HenryG 02-09-2010 02:20 PM

Quote:

Originally Posted by daveb1 (Post 396900)
Shark bites would possibly work but depending on the width of the new valve and the length of the sharkbite, you might not have enough room between the studs.Have you thought about using PEX?Easy to work with and would be very forgiving on the depth inside the wall.

I don't know too much about pex, but I've heard good things. I'd rather not start with something like that right now because I'm trying to get the bathroom back together asap. :thumbup:

I bought a few sharkbites to take a look and they don't appear to be a problem.

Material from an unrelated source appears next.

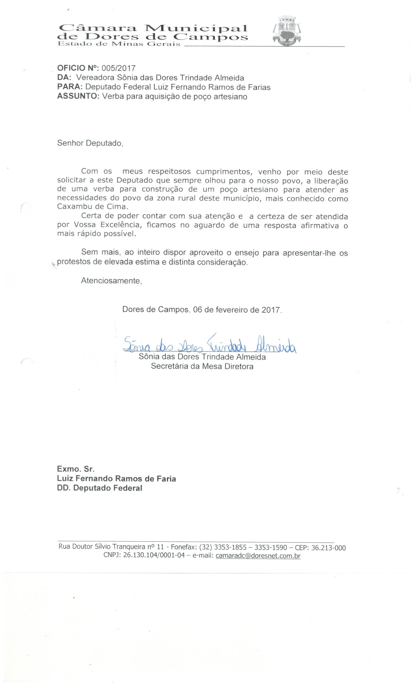 A vereadora Soninha do Caxambu (PMDB) comentou sobre um ofício enviado ao deputado federal Luiz Fernando (PP) no início deste semana, onde o parlamentar se comprometeu a trabalhar na liberação de recursos para as obras do Poço Artesiano no Caxambu de Cima. O presidente da Câmara, vereador Bal do Carlos Heleno (PT), confirmou que há 15 dias, participou de uma reunião com o prefeito Marcílio (PMDB), com o deputado estadual Cristiano Silveira (PT) e com o deputado federal Reginaldo Lopes (PT) na busca de verba para o Posto Artesiano do Catete, inclusive com a apresentação do projeto da obra.

My next thought is to keep the valve, and get a new kit. It's not ideal, but I don't trust my soldering skills since this will be closed in a wall. I've done soldering under the house, and that had held up fine, but this would always be in the back of my mind.

I found a kit through Moen that they said would work. I think I may go this route and if I need to replace it in the future I can tear out the drywall from behind, and replace it this way.

HenryG 02-09-2010 02:21 PM

Quote:

Originally Posted by Alan (Post 397015)
I would reccomend replacing the valve if you have the wall open already if you think you can do it. It's not that difficult.

Hold your tape measure across the studs where the valve will be mounted so that if you're looking down at your tape measure, the numbers will be facing up. Then position your valve at the wall, and the outside edge of your tape measure should fall about 1/2 way in the middle of the plastic backing plate. This is how we always rough them in and have no issues with them.

Make sure you put a block behind it and secure it so it won't move when you turn it on and off. :laughing:

Ideally this is what I want to do, but if this kit I purchased works I'll just go that route.